__WHAT TO PRODUCE__: The line with "1.玩家在城镇中,点击城镇中的玩家可以选择击杀,每日相同玩家限制击杀3次 。" marks the first line to copy, and the line with "Feijão branco, bacon, linguiça, lombo, costelinha" marks the last. Transcribe that stretch of the data below exactly, without pictures.

__ENTRIES SHOWN__:
>>
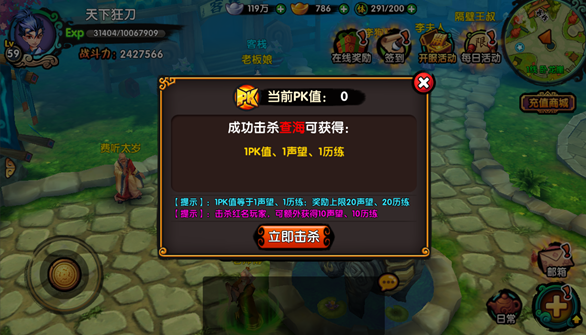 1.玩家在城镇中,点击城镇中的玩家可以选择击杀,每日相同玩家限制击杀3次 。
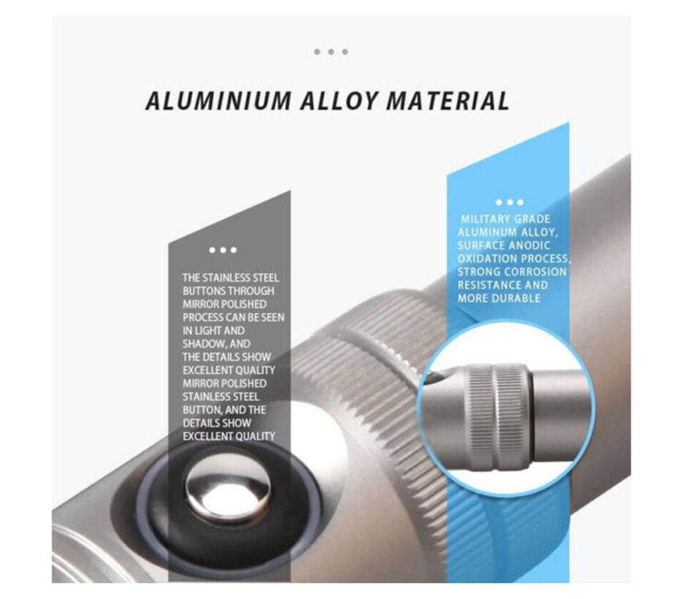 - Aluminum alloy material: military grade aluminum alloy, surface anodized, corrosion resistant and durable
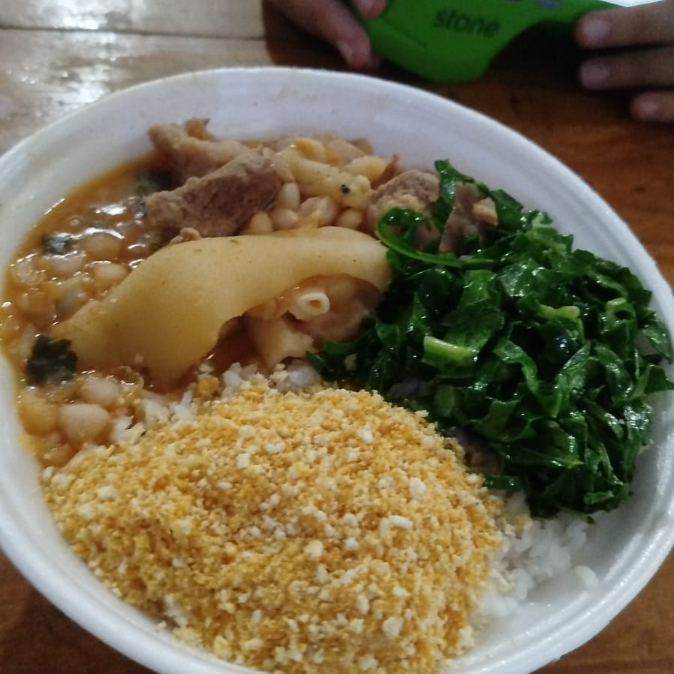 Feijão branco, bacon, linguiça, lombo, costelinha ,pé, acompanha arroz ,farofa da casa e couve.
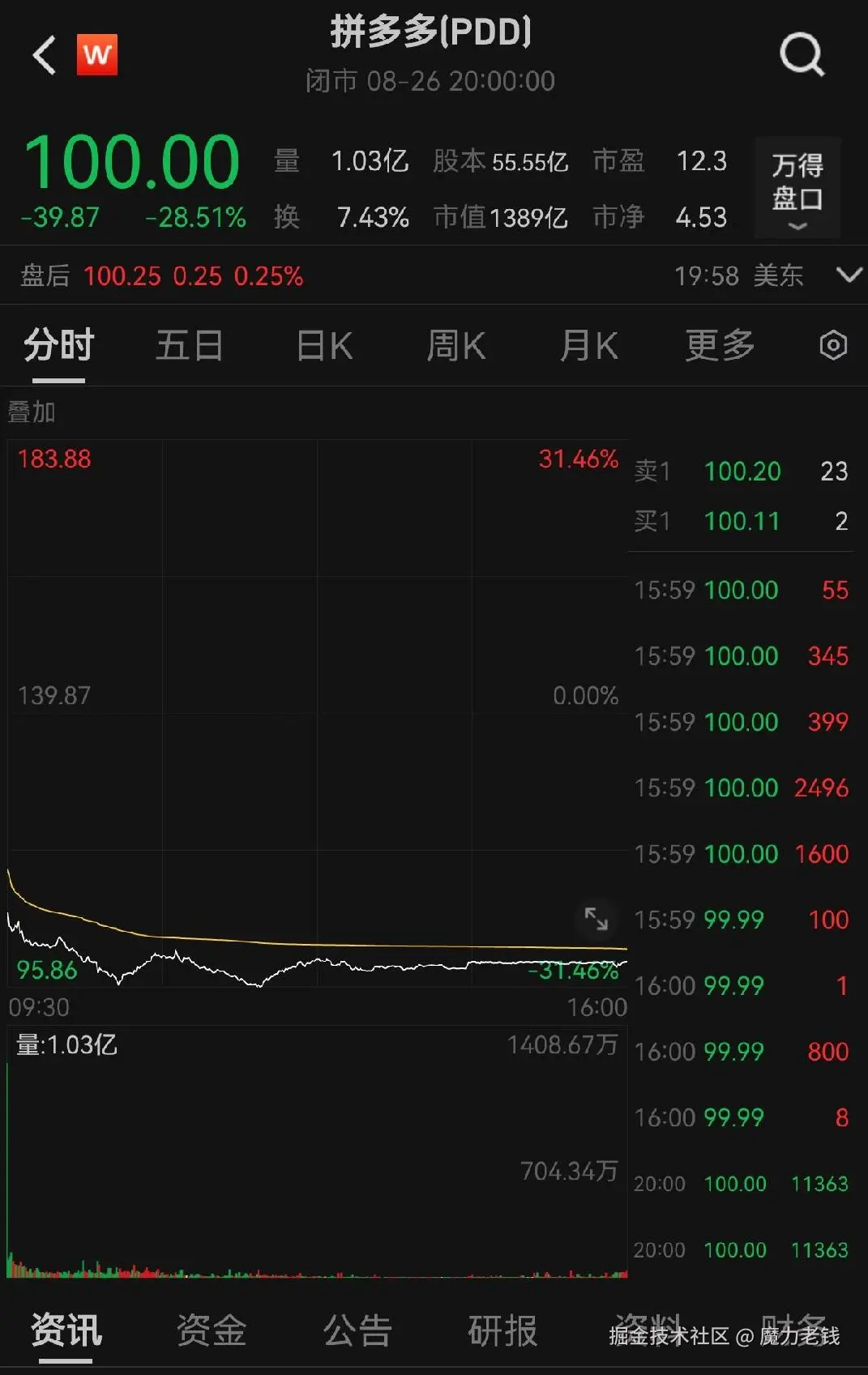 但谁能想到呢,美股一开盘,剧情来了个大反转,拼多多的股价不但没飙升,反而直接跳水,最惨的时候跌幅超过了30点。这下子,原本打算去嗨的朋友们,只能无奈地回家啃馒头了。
<<
>>
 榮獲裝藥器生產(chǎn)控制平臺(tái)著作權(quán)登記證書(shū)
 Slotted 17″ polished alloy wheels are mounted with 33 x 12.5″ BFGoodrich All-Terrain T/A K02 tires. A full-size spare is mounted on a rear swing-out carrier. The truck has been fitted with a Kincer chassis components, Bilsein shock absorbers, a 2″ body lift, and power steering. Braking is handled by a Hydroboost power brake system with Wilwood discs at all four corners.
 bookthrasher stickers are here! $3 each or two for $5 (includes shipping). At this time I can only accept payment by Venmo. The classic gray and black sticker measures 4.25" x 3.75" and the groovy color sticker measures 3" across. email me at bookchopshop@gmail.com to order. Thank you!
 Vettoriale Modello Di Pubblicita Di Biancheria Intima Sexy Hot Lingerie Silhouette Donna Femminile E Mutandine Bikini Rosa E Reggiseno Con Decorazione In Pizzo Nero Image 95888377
<<
>>
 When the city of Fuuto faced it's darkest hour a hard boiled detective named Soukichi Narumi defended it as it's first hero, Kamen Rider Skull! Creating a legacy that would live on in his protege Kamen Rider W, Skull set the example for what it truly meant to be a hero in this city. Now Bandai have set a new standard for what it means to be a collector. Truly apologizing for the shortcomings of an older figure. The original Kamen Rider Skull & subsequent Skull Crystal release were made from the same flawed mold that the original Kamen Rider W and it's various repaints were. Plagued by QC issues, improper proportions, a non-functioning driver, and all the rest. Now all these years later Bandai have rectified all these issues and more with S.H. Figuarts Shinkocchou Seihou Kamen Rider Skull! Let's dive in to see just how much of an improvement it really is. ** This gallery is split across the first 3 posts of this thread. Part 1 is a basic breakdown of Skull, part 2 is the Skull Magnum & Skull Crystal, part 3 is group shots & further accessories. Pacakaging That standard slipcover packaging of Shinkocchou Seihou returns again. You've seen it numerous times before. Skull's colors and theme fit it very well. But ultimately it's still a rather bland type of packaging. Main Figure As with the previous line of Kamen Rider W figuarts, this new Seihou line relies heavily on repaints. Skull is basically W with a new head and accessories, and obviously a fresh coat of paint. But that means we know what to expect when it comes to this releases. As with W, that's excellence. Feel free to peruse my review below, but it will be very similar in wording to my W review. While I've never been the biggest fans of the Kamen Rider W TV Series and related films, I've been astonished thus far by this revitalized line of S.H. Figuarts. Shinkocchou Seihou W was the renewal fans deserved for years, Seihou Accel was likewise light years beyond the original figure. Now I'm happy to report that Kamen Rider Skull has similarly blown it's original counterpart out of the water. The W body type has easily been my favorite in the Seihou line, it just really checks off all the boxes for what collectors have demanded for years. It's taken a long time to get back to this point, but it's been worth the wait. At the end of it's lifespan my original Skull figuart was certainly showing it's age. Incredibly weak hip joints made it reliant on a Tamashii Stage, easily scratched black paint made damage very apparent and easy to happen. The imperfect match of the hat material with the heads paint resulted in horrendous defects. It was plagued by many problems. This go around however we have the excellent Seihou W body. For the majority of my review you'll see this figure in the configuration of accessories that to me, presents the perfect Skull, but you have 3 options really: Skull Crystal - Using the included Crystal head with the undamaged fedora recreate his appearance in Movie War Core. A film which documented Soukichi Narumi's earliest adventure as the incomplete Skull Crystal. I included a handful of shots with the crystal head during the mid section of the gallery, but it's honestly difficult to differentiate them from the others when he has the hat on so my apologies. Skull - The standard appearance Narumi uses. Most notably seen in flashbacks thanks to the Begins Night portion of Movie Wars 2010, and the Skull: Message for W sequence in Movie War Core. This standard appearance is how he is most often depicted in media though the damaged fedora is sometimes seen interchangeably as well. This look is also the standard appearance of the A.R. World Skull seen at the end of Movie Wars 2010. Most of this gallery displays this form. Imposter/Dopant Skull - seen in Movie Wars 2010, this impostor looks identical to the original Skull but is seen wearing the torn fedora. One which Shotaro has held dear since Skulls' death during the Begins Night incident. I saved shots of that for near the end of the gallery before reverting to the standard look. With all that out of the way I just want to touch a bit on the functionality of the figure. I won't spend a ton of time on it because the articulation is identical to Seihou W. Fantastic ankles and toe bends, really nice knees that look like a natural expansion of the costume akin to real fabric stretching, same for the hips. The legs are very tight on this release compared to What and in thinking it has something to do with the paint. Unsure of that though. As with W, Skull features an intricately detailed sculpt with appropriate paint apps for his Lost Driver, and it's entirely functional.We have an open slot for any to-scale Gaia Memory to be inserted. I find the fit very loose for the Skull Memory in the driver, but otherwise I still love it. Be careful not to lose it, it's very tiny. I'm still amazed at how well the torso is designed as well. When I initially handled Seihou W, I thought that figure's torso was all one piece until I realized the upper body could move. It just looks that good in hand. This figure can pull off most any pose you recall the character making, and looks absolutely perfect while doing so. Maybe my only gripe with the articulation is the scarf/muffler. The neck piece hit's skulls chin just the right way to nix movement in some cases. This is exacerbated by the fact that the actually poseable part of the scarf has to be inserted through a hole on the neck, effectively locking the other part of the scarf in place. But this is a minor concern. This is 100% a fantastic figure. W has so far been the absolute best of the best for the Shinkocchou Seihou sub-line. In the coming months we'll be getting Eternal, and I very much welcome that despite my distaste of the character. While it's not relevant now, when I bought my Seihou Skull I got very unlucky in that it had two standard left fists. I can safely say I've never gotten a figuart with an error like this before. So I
<<
__OUTPUT BELOW__:
 1.玩家在城镇中,点击城镇中的玩家可以选择击杀,每日相同玩家限制击杀3次 。
 - Aluminum alloy material: military grade aluminum alloy, surface anodized, corrosion resistant and durable
 Feijão branco, bacon, linguiça, lombo, costelinha ,pé, acompanha arroz ,farofa da casa e couve.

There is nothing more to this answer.